我希望最小化对数据库的影响,因此我考虑是否只能选择需要的行。
b)
b)
SELECT * FROM table WHERE (100*RAND()) < odds
I considered LIMIT 0,1
我认为限制0,1
But then if items have the same probability only one of the will be returned
但是如果项目有相同的概率只有一个会被返回
Alternatively take the whole dataset and pick a random one from there... but then the odds are affected as it becomes a random with odds and then a random without odds thus the odds become tilted in favour of the higher odds (even more so).
或者取整个数据集从那里随机选一个…但是当它变成一个随机的有奇数的时候,概率就会受到影响,然后变成一个随机的没有奇数的时候,概率就会倾向于高的概率(甚至更多)。
I guess I could order by odds
ASC then take the whole dataset and then with PHP take a random out of the rows with the same odds as the first record (the lowest).
我想我可以按概率排序,然后取整个数据集,然后用PHP随机抽取出与第一个记录相同的概率(最低的)。
Seems like a clumsy solution.
看起来是一个笨拙的解决方案。
Does anyone have a superior solution? If not which one of the above is best?
有人有更好的解决方案吗?如果不是以上哪一个是最好的?
7 个解决方案
#1
3
Do some up-front work, add some columns to your table that help the selection. For example suppose you have these rows
做一些预先的工作,向表中添加一些有助于选择的列。例如,假设你有这些行
X 2
Y 3
Z 1
We add some cumulative values
我们添加一些累积值
Key Odds Start End
X 2 0 1 // range 0->1, 2 values == odds
Y 3 2 4 // range 2->4, 3 values == odds
Z 1 5 5 // range 5->5, 1 value == odds
Start and End are chosen as follows. The first row has a start of zero. Subsequent rows have a start one more than previous end. End is the (Start + Odds - 1).
开始和结束的选择如下。第一行从0开始。后面的行比前面的行多一个开始行。结束是(开始+赔率- 1)。
Now pick a random number R in the range 0 to Max(End)
现在选择一个随机数字R在0到最大值之间(结束)
Select * from T where R >= T.Start and R <= T.End
If the database is sufficiently clever we may we be able to use
如果这个数据库足够聪明,我们也许可以使用它
Select * from T where R >= T.Start and R <= (T.Start + T.Odds - 1)

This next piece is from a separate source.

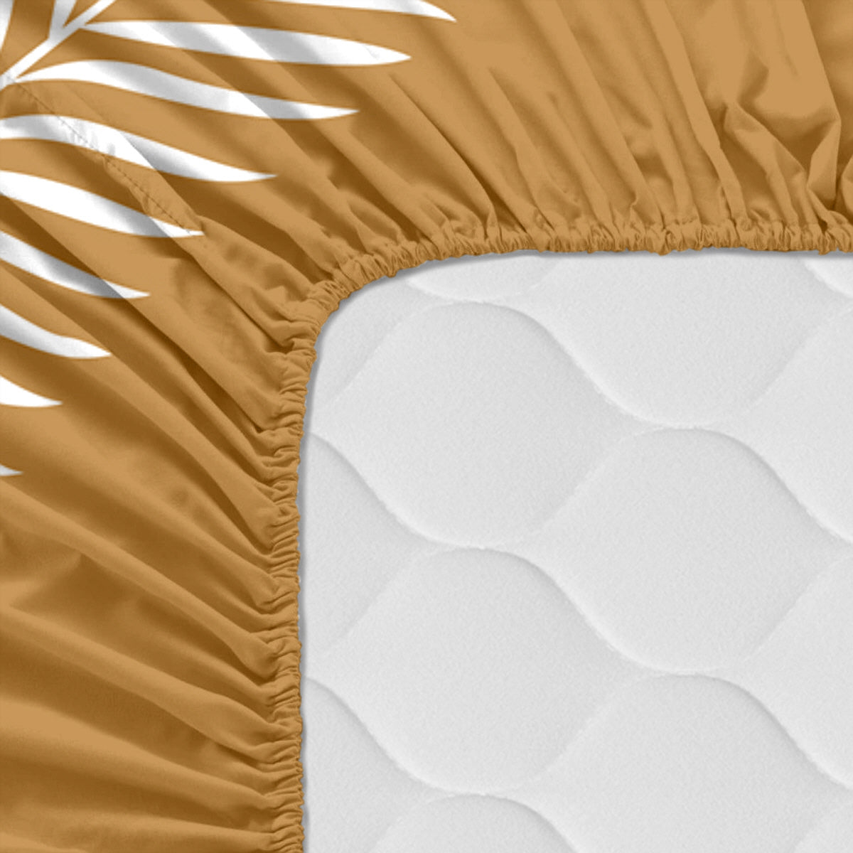 100% katoenen hoeslaken, 150 thread count. De hoeken zijn verstelbaar met elastiek.

I'm speculating that having an End column with an index may give the better performance. Also the Max(End) perhaps gets stashed somewhere and updated by a trigger when ncessary.

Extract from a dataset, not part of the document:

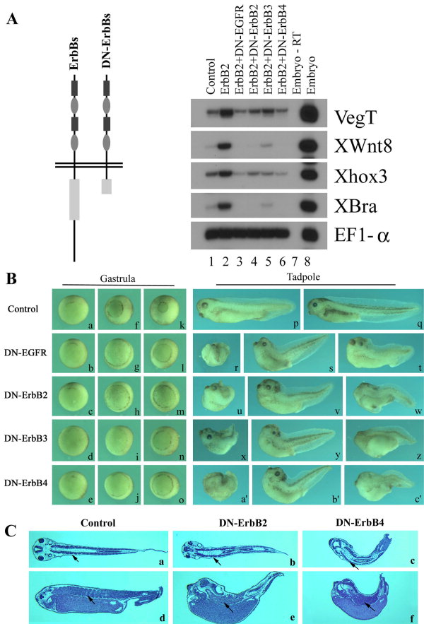 ErbB signaling has long been implicated in cancer formation and progression and is shown to regulate cell division, migration, and death during tumorigenesis. The functions of the ErbB pathway during early vertebrate embryogenesis, however, are not well understood. Here we report characterization of ErbB activities during early frog development. Gain-of-function analyses show that EGFR, ErbB2, and ErbB4 induce ectopic tumor-like cell mass that contains increased numbers of mitotic cells. Both the muscle and the neural markers are expressed in these ectopic protrusions. ErbBs also induce mesodermal markers in ectodermal explants. Loss-of-function studies using carboxyl terminal-truncated dominant-negative ErbB receptors demonstrate that blocking ErbB signals leads to defective gastrulation movements and malformation of the embryonic axis with a reduction in the head structures in early frog embryos. These data, together with the observation that ErbBs are expressed early during frog embryogenesis, suggest that ErbBs regulate cell proliferation, movements, and embryonic patterning during early Xenopus development.

我猜测,有一个带有指数的结束列可能会带来更好的表现。同时,最大(端)也可能被隐藏在某处,并在未处理时被触发器更新。
Clearly there's some hassle in updating the Start/End. This may not be too bad if either
显然,更新开始/结束有一些麻烦。如果这两种情况都发生的话,这也不算太糟
- The table contents are stable
- 表内容是稳定的
- or insertions are in someway naturally ordered, so that each new row just continues from the old highest.

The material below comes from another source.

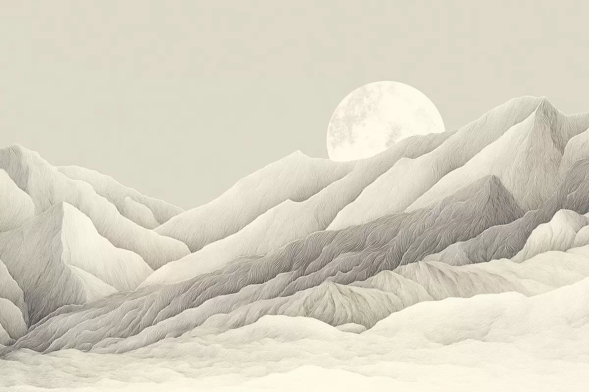 carta da parati Montagne con luna, disegno dettagliato nr. s44788

- 或者插入以某种自然的方式排序,因此每个新行都从旧的最高行继续。
#2
0
What if you took your code, and added an ORDER BY RAND()
and LIMIT 1
?
如果您取了您的代码,并添加了RAND()和LIMIT 1的订单,该怎么办?
SELECT * FROM table WHERE (100*RAND()) < odds ORDER BY RAND() LIMIT 1
This way, even if you have multiples of the same probability, it will always come back randomly ordered, then you just take the first entry.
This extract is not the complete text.